Das Europäische Parlament macht Druck auf die EU-Kommission, endlich eine umfassende Industriestrategie zu erarbeiten. Dazu meint Reinhard Bütikofer, industriepolitischer Sprecher der Grünen-/EFA-Fraktion im Parlament:
„Mit überwältigender Mehrheit hat das Europäische Parlament die Kommission in einer Resolution aufgefordert, eine umfassende Strategie für Europas Industriepolitik vorzulegen. Noch vor wenigen Jahren wäre eine solche Positionsbestimmung nicht möglich gewesen, weil sie in zu vielen Hauptstädten als Bruch mit der reinen Lehre der Marktwirtschaft bekämpft worden wäre.
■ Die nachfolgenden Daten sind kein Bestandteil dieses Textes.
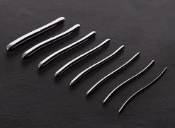 In body safe stainless steel, the 8 Hegar sounds are naturally extremely firm and quite weighty. Each Sound is identical in shape – there’s a slight curve to each tip and lots of very subtly widening length in between. The smallest rod measures in at 8″ (20.3cm) long and just over .11″ (3mm) in smallest diameter, while the largest measures 8″ (20.3cm) long and about .67″ (1.7cm) in diameter. There are 6 sizes in between, so you’ll easily be able to find one that suits your need, desire or experience level.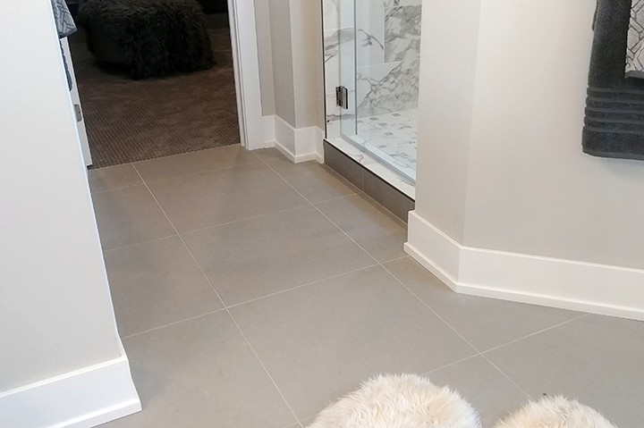 The homes at the Parade had hardwood floors throughout, I wanted to concentrate on what else was there – carpets, tile, and the lower level finishes. But first, hardwood – the planks are larger, like we have been seeing the last few years. My favorite look was an unexpected lighter wood used for the main level flooring, but then the stairs were a darker stained wood. This warm contrast helped ground the neutral and white interior and the wrought iron used for the hand railing on the stairs.

Aber die Einsicht hat sich durchgesetzt, dass Europa auf eine gemeinsame Industriepolitik nicht verzichten kann, wo alle internationalen Konkurrenten von USA bis Fernost ihre jeweils eigene verfolgen.
Veränderungsdruck gibt es aus zwei Richtungen: durch die Digitalisierung, die alle Wirtschaftsbereiche ergreift, und durch verstärkten internationalen Wettbewerb, vor allem aus China. Das Europaparlament unterstützt mit seiner Forderung ähnliche Verlangen von fast 200 Industrieverbänden sowie vom Europäischen Rat.
Konkret muss sich Europas Industriepolitik zum Beispiel damit befassen, dass internationale Konkurrenz neue Wettbewerbsregeln erforderlich macht. Sonst dominieren ausländische Monopole zu leicht Europas Märkte. Industriepolitik muss sektorübergreifend handeln, statt verschiedene Branchen als getrennte Silos zu behandeln. Das gilt zum Beispiel für Chemie und Stahl. Industriepolitik muss für die Zielsetzung von Freihandelsabkommen Pate stehen, statt ihnen zum Opfer zu fallen. Bei TTIP zum Beispiel war die Kommission drauf und dran, die Interessen des europäischen Maschinenbaus zu opfern. Industriepolitik muss tatsächlich europäisch agieren und darf nicht zulassen, dass Regionen faktisch abgehängt werden. Sie muss Digitalisierung, Ökoeffizienz und Kreislaufwirtschaft verbinden. Sie muss der Tendenz entgegenwirken, dass der Mittelstand durch die technologische Revolution in immer größere Abhängigkeiten getrieben wird. Sie muss sich auch darum kümmern, dass Arbeitnehmerinnen und Arbeitnehmer von Weiterbildung und Lebenslangem Lernen profitieren können. Industriepolitik muss Innovationsallianzen fördern und verhindern, dass etwa bei der Entwicklung einer kohlenstoffarmen Wirtschaft die langsamsten Spieler das Tempo diktieren.
Die Breite des Konsenses im Europäischen Parlament war bemerkenswert. Spätestens nach der Sommerpause, im Rahmen der Juncker-Rede zur Lage der Europäischen Union, muss die Kommission demonstrieren, dass und was sie liefern wird.”